DIRECTIONS FOR THIS TASK: Leaving out the pictures, return word for word the stretch of entries below from the line holding "يُبهر كوارتز كالاكاتا،" through the line holding "太阳城娱乐王波等18位新进教".

INPUT MATERIAL:

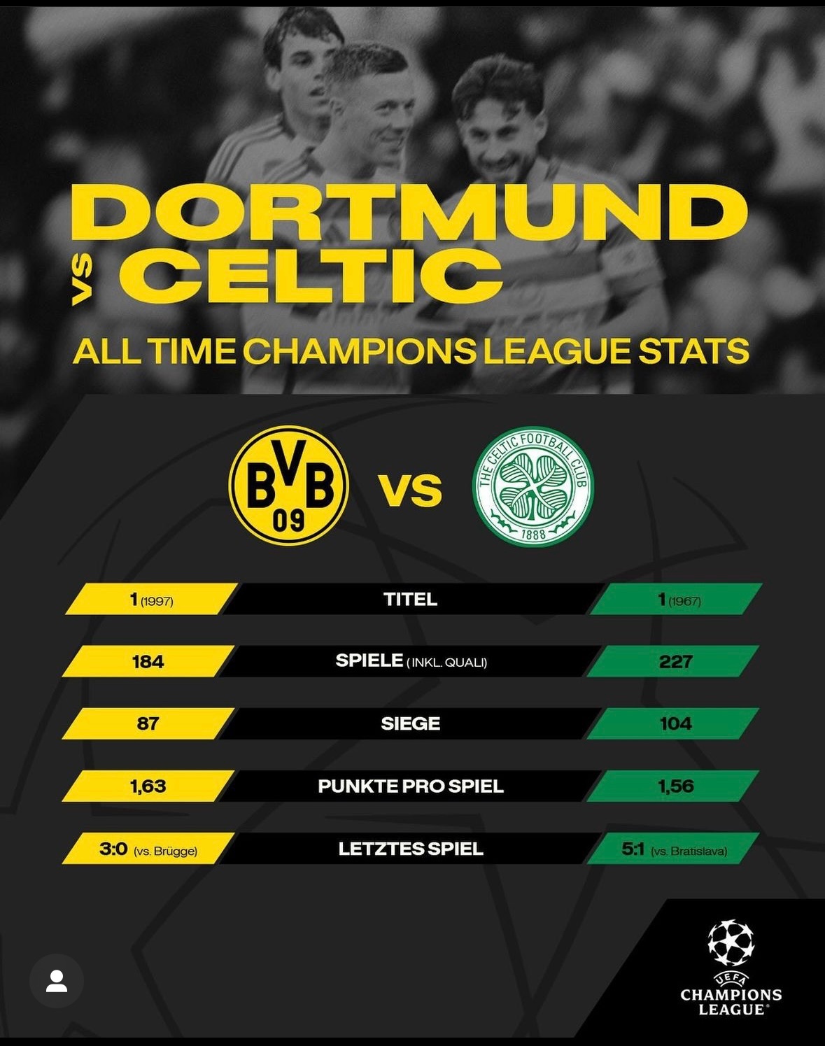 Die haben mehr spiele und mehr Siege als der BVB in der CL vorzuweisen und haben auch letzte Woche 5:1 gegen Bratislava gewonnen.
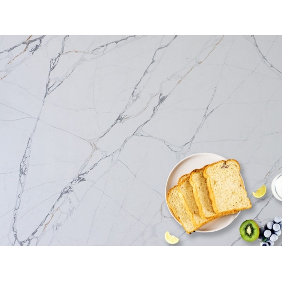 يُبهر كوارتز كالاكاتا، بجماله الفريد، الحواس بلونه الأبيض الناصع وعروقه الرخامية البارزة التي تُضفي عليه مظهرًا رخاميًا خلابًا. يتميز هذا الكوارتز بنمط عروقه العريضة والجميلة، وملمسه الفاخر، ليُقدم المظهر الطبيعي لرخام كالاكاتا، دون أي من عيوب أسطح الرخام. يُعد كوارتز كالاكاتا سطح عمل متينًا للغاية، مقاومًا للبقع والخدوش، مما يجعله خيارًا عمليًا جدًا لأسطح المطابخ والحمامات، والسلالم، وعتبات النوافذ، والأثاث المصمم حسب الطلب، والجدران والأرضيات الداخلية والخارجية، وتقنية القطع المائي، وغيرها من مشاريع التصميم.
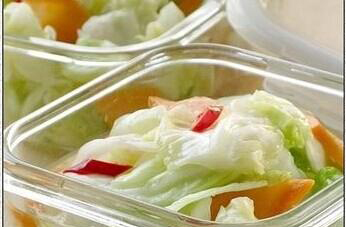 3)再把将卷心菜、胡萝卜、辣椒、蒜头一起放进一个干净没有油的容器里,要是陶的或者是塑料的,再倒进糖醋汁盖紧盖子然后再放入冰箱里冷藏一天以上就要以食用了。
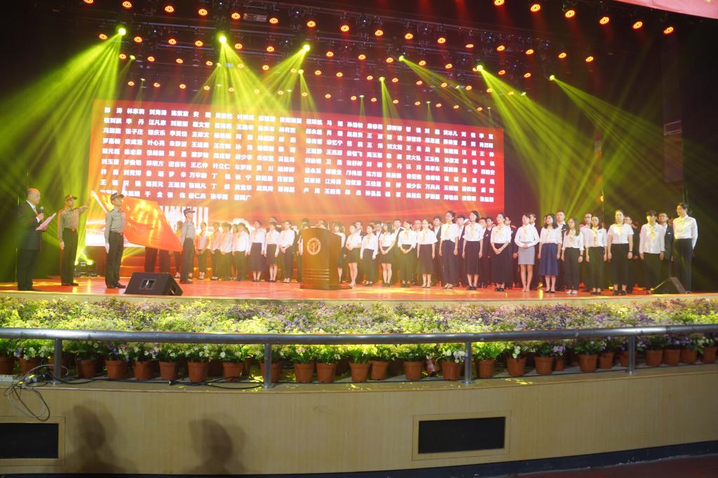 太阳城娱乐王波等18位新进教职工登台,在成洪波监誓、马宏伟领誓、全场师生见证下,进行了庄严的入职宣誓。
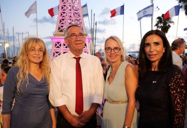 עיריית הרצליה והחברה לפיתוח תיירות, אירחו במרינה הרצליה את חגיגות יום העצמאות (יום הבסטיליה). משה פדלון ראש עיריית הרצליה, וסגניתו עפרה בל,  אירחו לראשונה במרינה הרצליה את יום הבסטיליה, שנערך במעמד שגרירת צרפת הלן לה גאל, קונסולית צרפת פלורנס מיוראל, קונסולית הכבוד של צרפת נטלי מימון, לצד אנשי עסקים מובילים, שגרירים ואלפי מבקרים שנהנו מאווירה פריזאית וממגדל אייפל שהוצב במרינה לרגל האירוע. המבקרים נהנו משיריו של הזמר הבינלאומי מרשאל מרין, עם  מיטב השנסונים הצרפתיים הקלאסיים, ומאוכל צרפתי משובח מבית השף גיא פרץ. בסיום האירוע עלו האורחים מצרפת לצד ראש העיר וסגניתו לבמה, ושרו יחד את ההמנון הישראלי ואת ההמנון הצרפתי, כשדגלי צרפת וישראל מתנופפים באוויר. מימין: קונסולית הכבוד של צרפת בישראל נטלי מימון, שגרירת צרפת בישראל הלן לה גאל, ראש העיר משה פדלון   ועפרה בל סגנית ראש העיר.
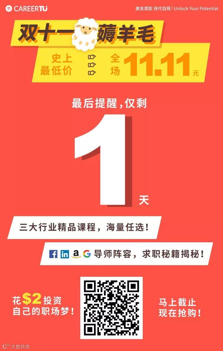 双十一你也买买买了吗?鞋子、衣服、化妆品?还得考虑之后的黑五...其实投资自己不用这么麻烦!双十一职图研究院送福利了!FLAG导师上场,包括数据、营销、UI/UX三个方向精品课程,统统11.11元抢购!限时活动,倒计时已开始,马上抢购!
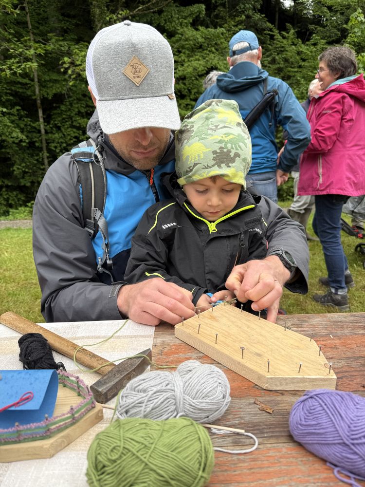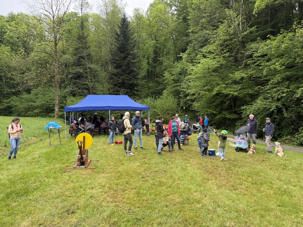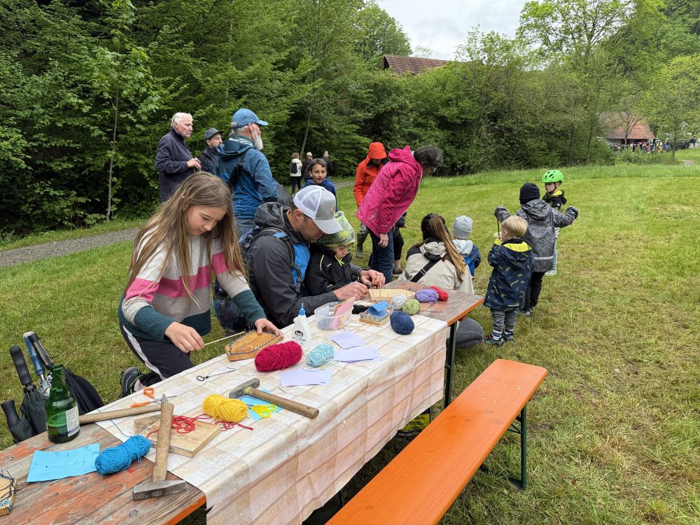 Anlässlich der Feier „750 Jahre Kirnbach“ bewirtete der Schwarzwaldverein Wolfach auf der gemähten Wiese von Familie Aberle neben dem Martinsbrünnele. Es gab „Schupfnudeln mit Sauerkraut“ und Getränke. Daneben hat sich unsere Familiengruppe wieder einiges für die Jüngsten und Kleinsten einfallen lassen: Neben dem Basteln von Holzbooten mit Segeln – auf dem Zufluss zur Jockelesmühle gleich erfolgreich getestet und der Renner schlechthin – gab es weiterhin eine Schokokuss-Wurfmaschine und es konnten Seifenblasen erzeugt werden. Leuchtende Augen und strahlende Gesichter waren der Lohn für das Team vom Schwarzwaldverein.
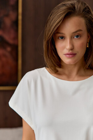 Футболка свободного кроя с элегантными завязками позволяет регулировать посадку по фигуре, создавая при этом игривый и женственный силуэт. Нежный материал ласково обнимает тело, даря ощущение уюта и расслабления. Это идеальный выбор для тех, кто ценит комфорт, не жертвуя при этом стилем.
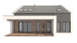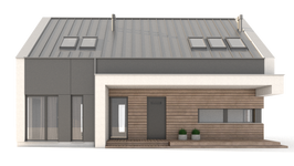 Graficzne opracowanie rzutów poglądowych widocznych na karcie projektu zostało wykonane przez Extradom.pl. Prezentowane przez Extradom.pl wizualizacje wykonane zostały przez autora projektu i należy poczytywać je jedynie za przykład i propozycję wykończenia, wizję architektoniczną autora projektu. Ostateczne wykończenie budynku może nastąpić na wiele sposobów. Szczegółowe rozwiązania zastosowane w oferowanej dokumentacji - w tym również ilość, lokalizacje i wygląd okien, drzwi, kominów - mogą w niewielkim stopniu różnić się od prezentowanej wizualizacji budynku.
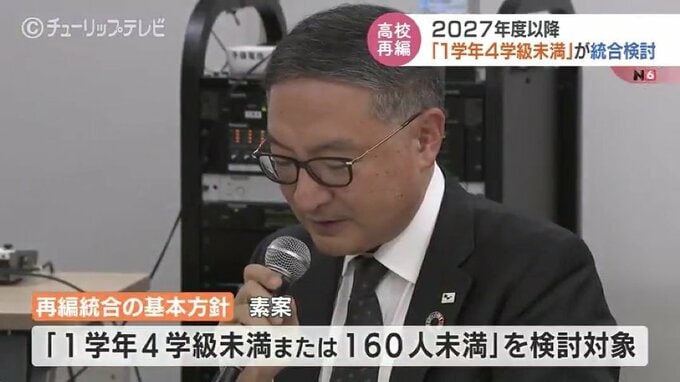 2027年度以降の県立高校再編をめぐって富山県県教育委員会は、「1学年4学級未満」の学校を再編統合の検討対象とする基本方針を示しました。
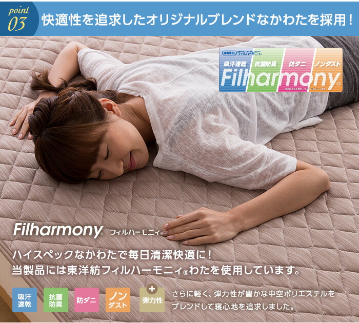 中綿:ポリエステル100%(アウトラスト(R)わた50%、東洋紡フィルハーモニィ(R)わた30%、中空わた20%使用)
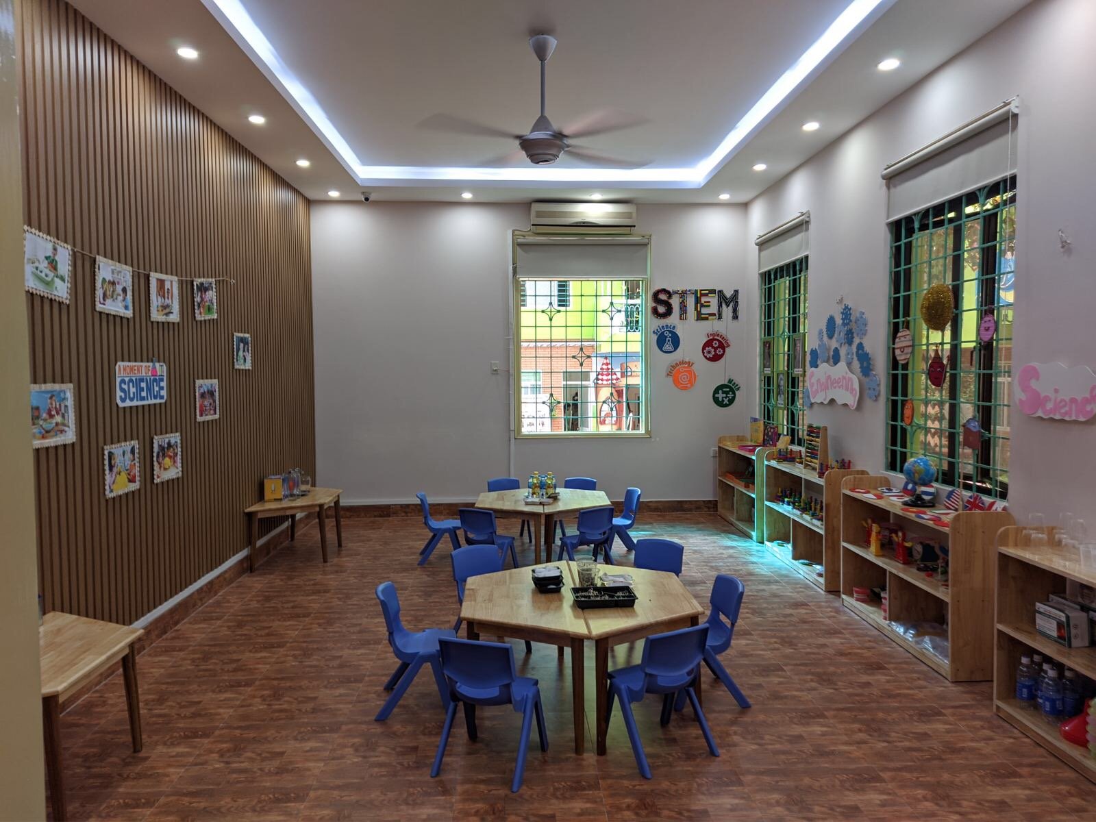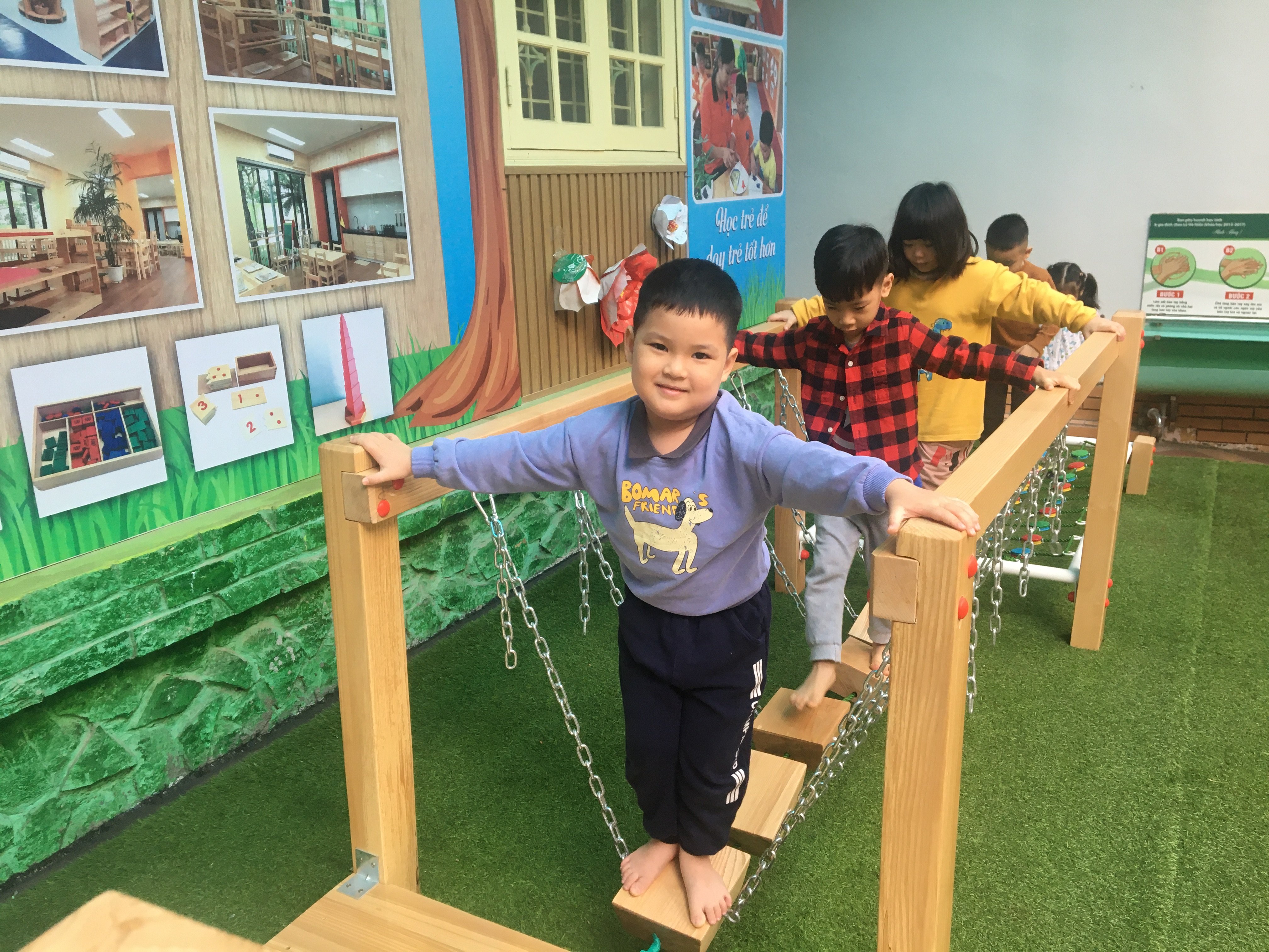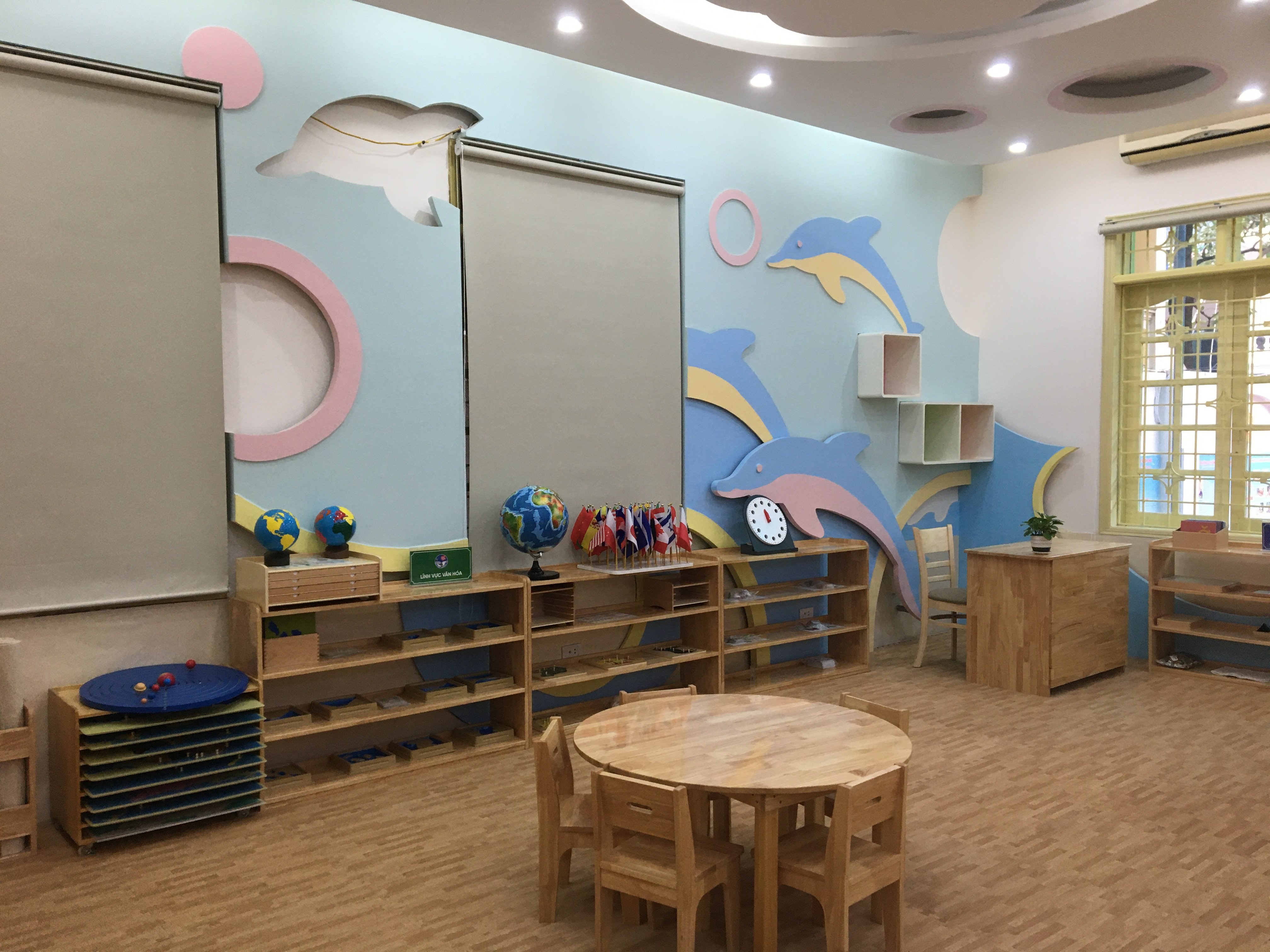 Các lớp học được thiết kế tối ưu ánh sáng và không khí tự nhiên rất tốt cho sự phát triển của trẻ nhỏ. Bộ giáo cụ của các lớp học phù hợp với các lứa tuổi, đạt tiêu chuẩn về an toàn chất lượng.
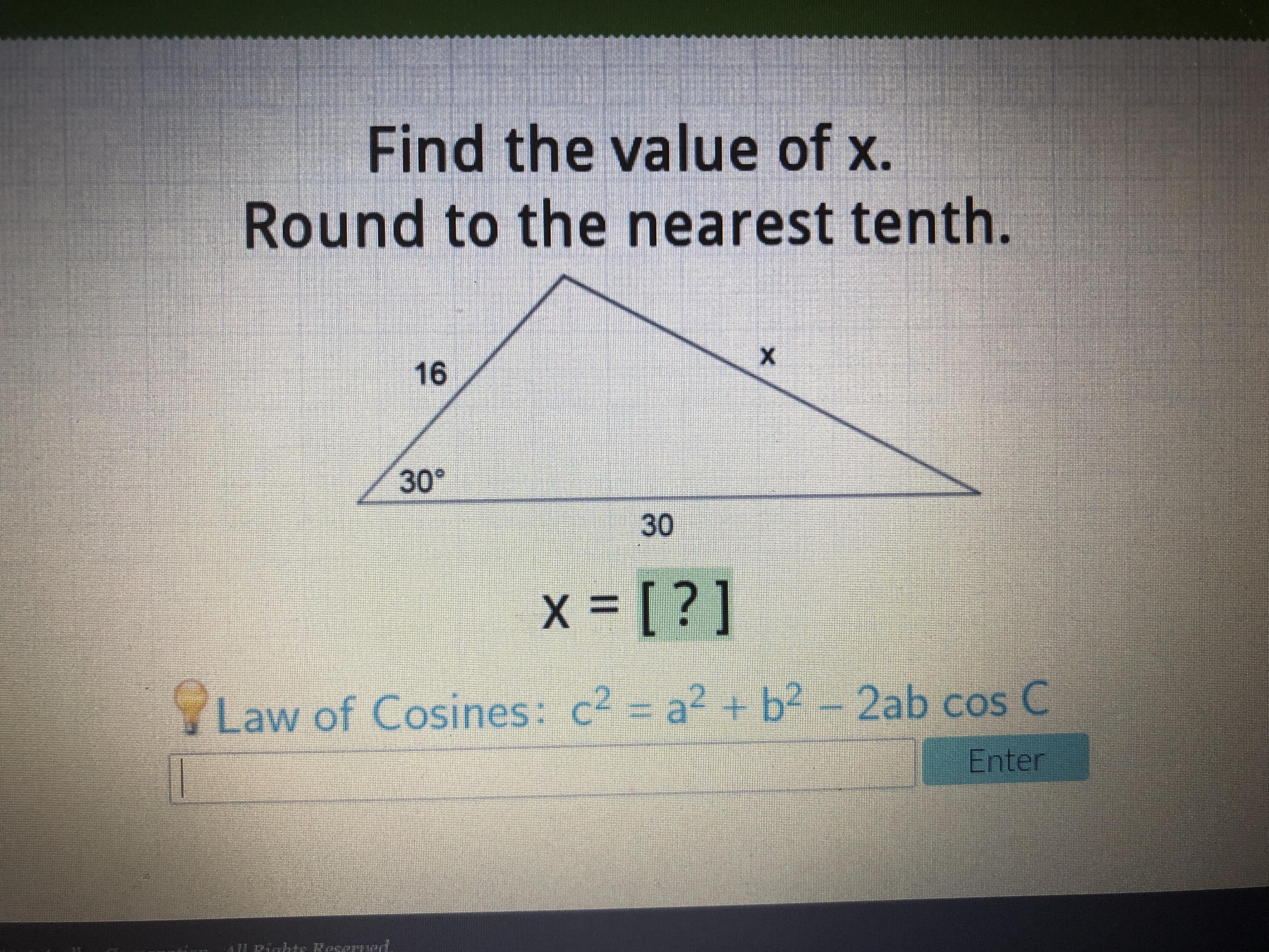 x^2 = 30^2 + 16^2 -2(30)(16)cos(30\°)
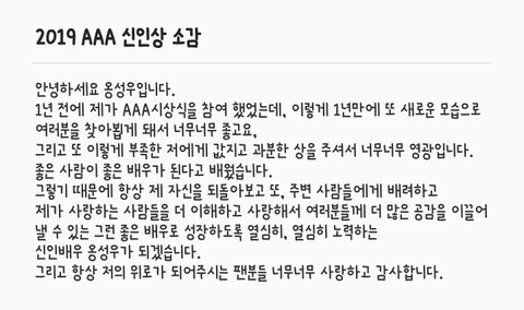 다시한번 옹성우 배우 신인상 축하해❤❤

SOLUTION TO THE PROBLEM:
 يُبهر كوارتز كالاكاتا، بجماله الفريد، الحواس بلونه الأبيض الناصع وعروقه الرخامية البارزة التي تُضفي عليه مظهرًا رخاميًا خلابًا. يتميز هذا الكوارتز بنمط عروقه العريضة والجميلة، وملمسه الفاخر، ليُقدم المظهر الطبيعي لرخام كالاكاتا، دون أي من عيوب أسطح الرخام. يُعد كوارتز كالاكاتا سطح عمل متينًا للغاية، مقاومًا للبقع والخدوش، مما يجعله خيارًا عمليًا جدًا لأسطح المطابخ والحمامات، والسلالم، وعتبات النوافذ، والأثاث المصمم حسب الطلب، والجدران والأرضيات الداخلية والخارجية، وتقنية القطع المائي، وغيرها من مشاريع التصميم.
 3)再把将卷心菜、胡萝卜、辣椒、蒜头一起放进一个干净没有油的容器里,要是陶的或者是塑料的,再倒进糖醋汁盖紧盖子然后再放入冰箱里冷藏一天以上就要以食用了。
 太阳城娱乐王波等18位新进教职工登台,在成洪波监誓、马宏伟领誓、全场师生见证下,进行了庄严的入职宣誓。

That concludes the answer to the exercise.